33 years later, I found myself back at Disney World. I attended the conference and the final day, we had a night at Magic Kingdom. So many memories came flooding back! I'd already loved my time at the Contemporary. I knew that I had to bring my family to Disney World.

2013 First Family Trip

2014 Secret Husband and Wife Trip 

2016 Second Family Trip

2018 Third Family Trip

Our plan had been for our next family trip to happen in 2020. But sometimes plans change.

Teagan and I have to go to Florida for a tae kwon do tournament over Memorial Day weekend. And Miami is only 3-4 hours drive from Orlando.

You can see where this is going, right?

Yep. A last minute mother-daughter trip to Disney World!

And as I prepare for the trip and start making my spreadsheets and plans and studying restaurants and FastPass strategies... I realized that I have become one of those Disney people. I speak the Disney World vacation language. I am a full on Disneyphile.

But here is the very best part of this trip coming up...

It's been amazing, already, for my relationship with Teagan. We have something we are both excited about and looking forward to doing together. It feels like it will be a celebration of surviving junior high. She is very involved in planning and has been researching rides and snacks and transportation. My hope is that we create fantastic memories and strengthen our relationship as she heads into high school.


Until next time,
Liz

Tuesday, February 12, 2019

Unstuck

This past weekend, I attended my church's annual women's retreat. It's one night and there is always a theme. This year, there was a 3 step process.
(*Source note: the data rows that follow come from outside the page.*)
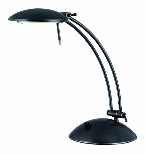 This sleek, contemporary design desk lamp adds a stylish executive touch to any home office or computer desk. The modern desk lamp look has an arm that swivels and adjusts at two points, offering a variety of lighting options. A full-range dimmer on the base allows you to adjust the light output for reading or viewing computer monitors. Dark bronze finish on the base and lamp arm. Includes one 100 watt halogen bulb. 17 1/2" maximum height. Shade is 6 1/2" long..../ Lite Source LS-3421D/BRZ Flash Halogen Desk Lamp, Dark Bronze / Design Lamps
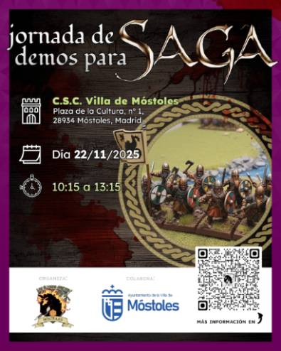 El 22, también en el Centro Cultural Villa de Móstoles se celebrará una "Jornada de demos para SAGA", de 10:15 h a 13:15 h, organizada por la Asociación cultural Los Últimos Jinetes, dedicada a juegos de rol, cartas, simulación, etc. Una experiencia para quienes comparten la pasión por la narrativa, la estrategia y la camaradería que ofrecen estos juegos.
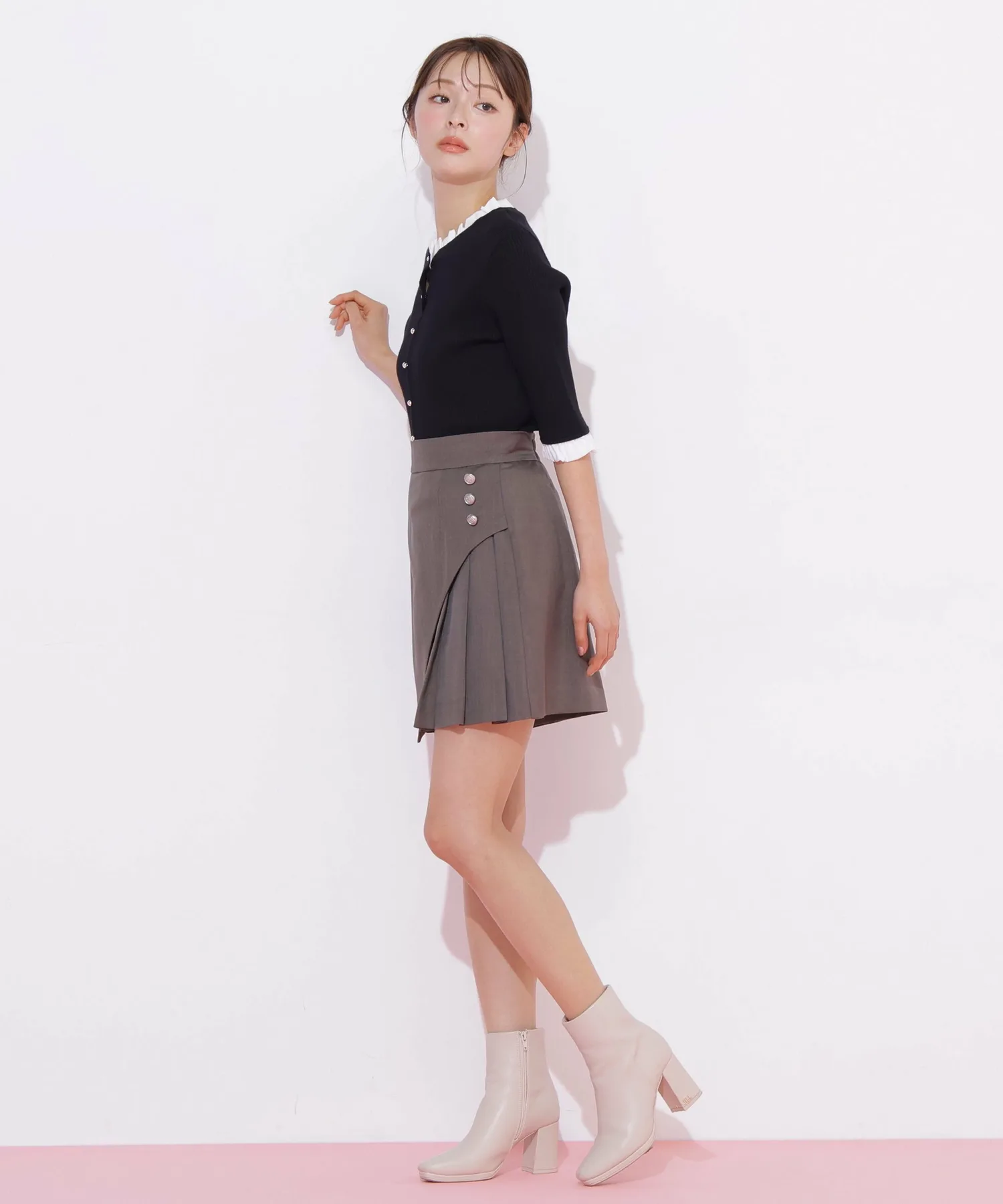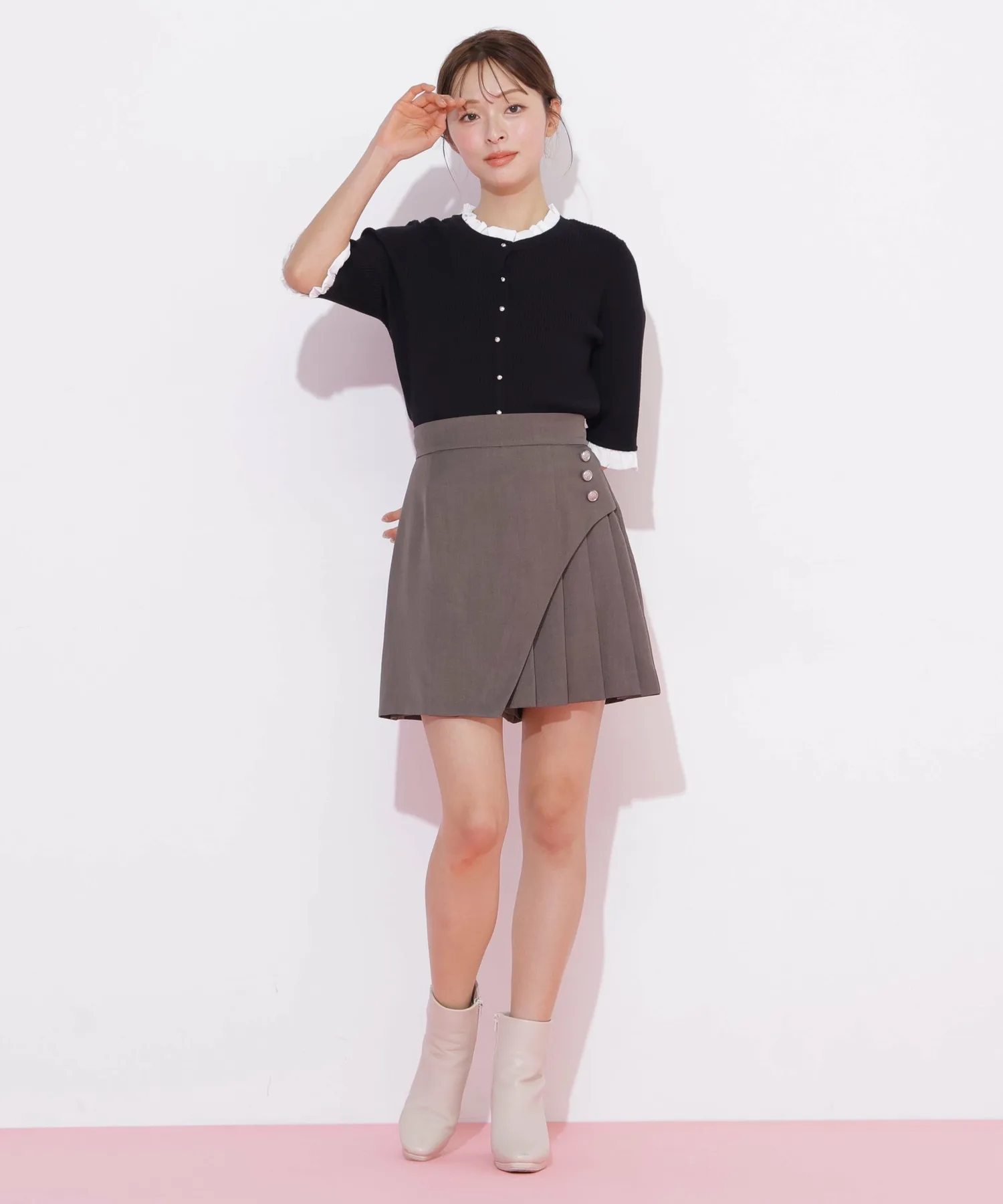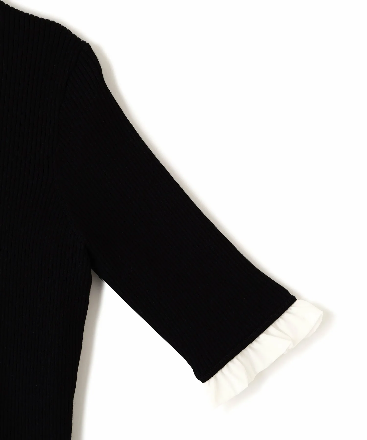 Компактная трикотажная блузка в рубчик, которая выглядит как рубашка с оборками, надетая поверх другой одежды. Изящные оборки на воротнике и манжетах, а также элегантные блестящие золотые пуговицы — главные детали. Планка имитирует воротник, поэтому изнанку не видно через зазоры между пуговицами спереди, и блузку можно носить как самостоятельное изделие.
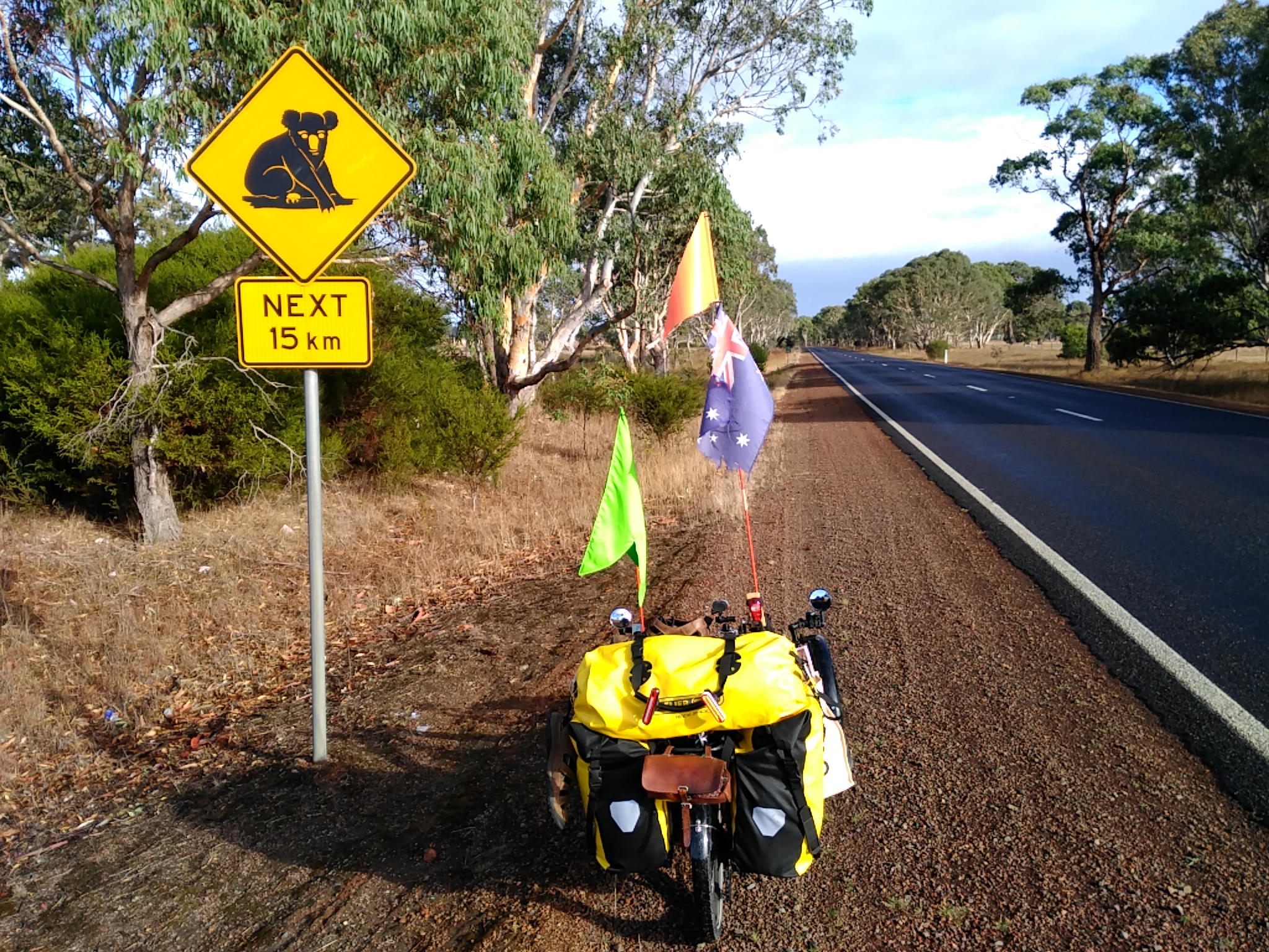 Half way to Coleraine this sign appeared. Now there was something else to look for. The system is, check ahead, something coming then check mirror. Anything behind then hit the dirt. Nothing in either direction then look up. Any Koalas? No, loopback to check ahead and repeat.
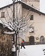 The little stone mountain hut visible a few metres above the church is in reality an older church: the semi-circular apse on the back has maintained its structure and on the façade we can still admire a beautiful fresco from the artist Valorsa.[8]
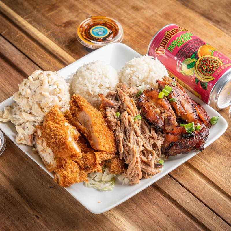 Combination Plate that includes choice of three 6 oz. meat portions, choice of white or brown rice, choice of Macaroni salad or Green Salad
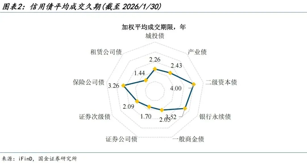 普信债成交久期仍在高位。截至1月30日,城投债、产业债成交期限分别加权于2.26年、2.43年,商业银行债中,二级资本债、银行永续债以及一般商金债加权平均成交期限分别为4.00年、3.52年、2.05年,其中二级资本债处于较高历史水平;从其余金融债来看,证券公司债、证券次级债、保险公司债、租赁公司债久期分别为1.70年、2.09年、3.26年、1.44年,其余金融债久期整体较上周有所缩短,租赁公司债久期历史分位数处于较高历史分位。
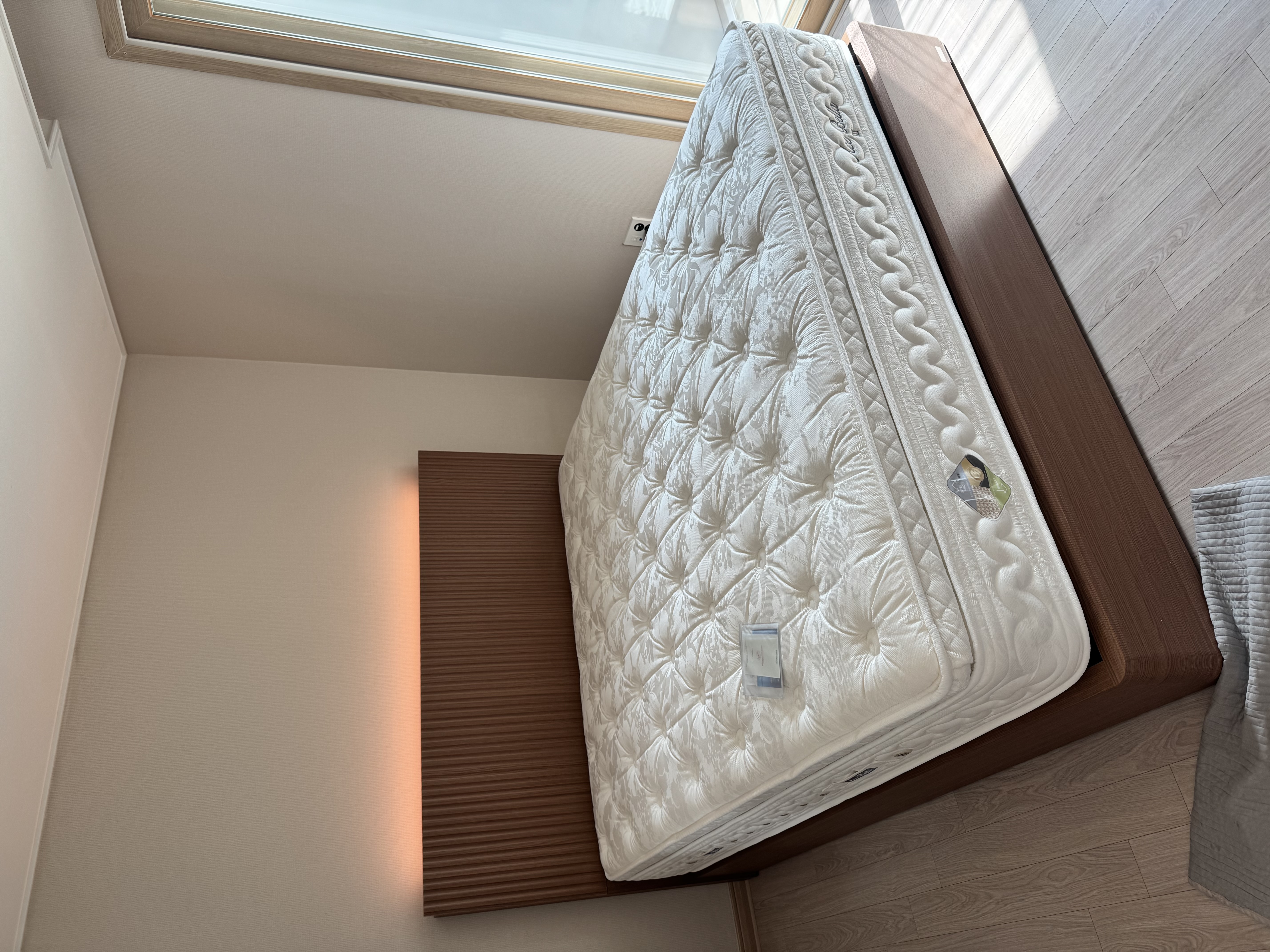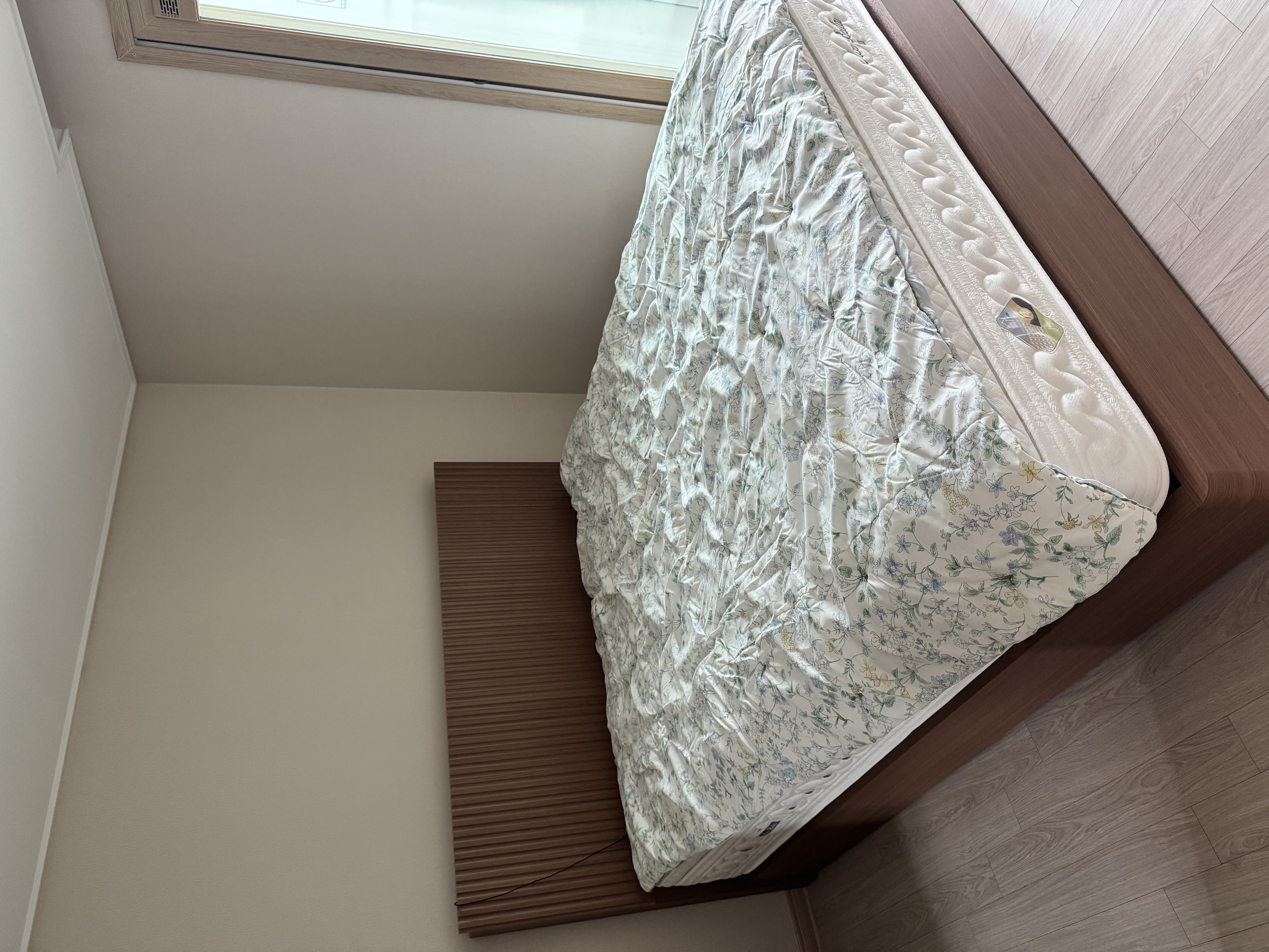 매트리스와 침대 프레임을 함께 구매했는데 전체적으로 매우 만족스럽습니다. 먼저 침대 프레임은 원목 느낌의 디자인이 깔끔하고 고급스러워서 침실 분위기를 한층 더 따뜻하게 만들어 줍니다. 헤드보드 뒤쪽에 은은한 간접조명이 들어와 밤에 조명을 켜면 호텔 같은 느낌이 나서 특히 마음에 들었습니다. 전체적인 마감도 탄탄하고 흔들림이 없어 안정감이 느껴집니다.
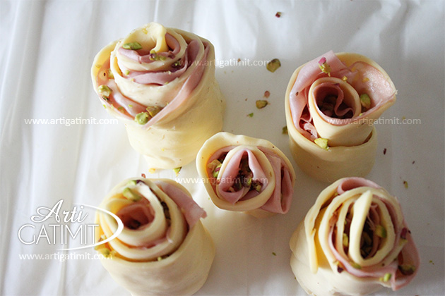 - Sipër çdo shiriti të prerë vendosim copë djathi dhe proshute, (duhet të kemi kujdes që të mbulojmë të gjithë petën). Sipër i hedhim fistikë të grirë. Mbyllim petën në formë role dhe krijojmë me të një lloj luleje si gonxhe trëndafili.

First, we talked about Hope.

Second, we asked the question - Where am I stuck?

Finally - What is my dream?

I left the retreat feeling as though it wasn't meant for me. I'm already a hopeful person so I don't need to refocus on Hope. I don't feel like I'm really stuck in my life anywhere. And in a lot of ways, I'm living my dream already. And I know that the retreat really did touch many of the women there and I felt like I made some great connections with others.

I struggled with the times of silence and contemplation because I wasn't connecting to the questions. I took time to journal. And what it boiled down to was what I now feel is a pretty important revelation.

The question was - Where am I stuck?
I reduced that to - Am I stuck?
Or am I exactly where I am supposed to be right now?

After getting home, I found myself thinking over the past year and realized that I've only recently become unstuck in some important areas - my health and my work.

In June of 2018, after a few attempts at starting to get healthy and lose weight, I suddenly kicked it into high gear. I wish I could say what made it work. I wish what worked for me would work for anyone else. Bottom line is that I knew we had a family vacation planned for October and I wanted to look good in family photos and be strong enough to have long days of fun at Disney! Thinking of a friend that I admired for her healthy lifestyle, I asked her to help me. She told me about Beachbody and happened to be at the coach summit at that exact time. She got me signed up - I started working out, changed my diet, and fast forward to Oct and a 35 lb weight loss.

I got myself unstuck. And as I face new challenges, hurdles, temptations, I'll keep working to avoiding getting stuck or get unstuck as needed.

My job has been challenging for several years now - some of it due to circumstances, some of it just the nature of the particular job. Just before my vacation, decisions were made to change up responsibilities in our department. This has completely changed my work situation so that my stress levels have seriously reduced. I enjoy my work again. I'm unstuck.

The lesson I learned is that sometimes, it's ok to just realize the good things. To stop and enjoy the good times. To breath in peace and joy and normalcy - to not be expecting bad news at every turn. To not feel like I'm failing with each bite of food.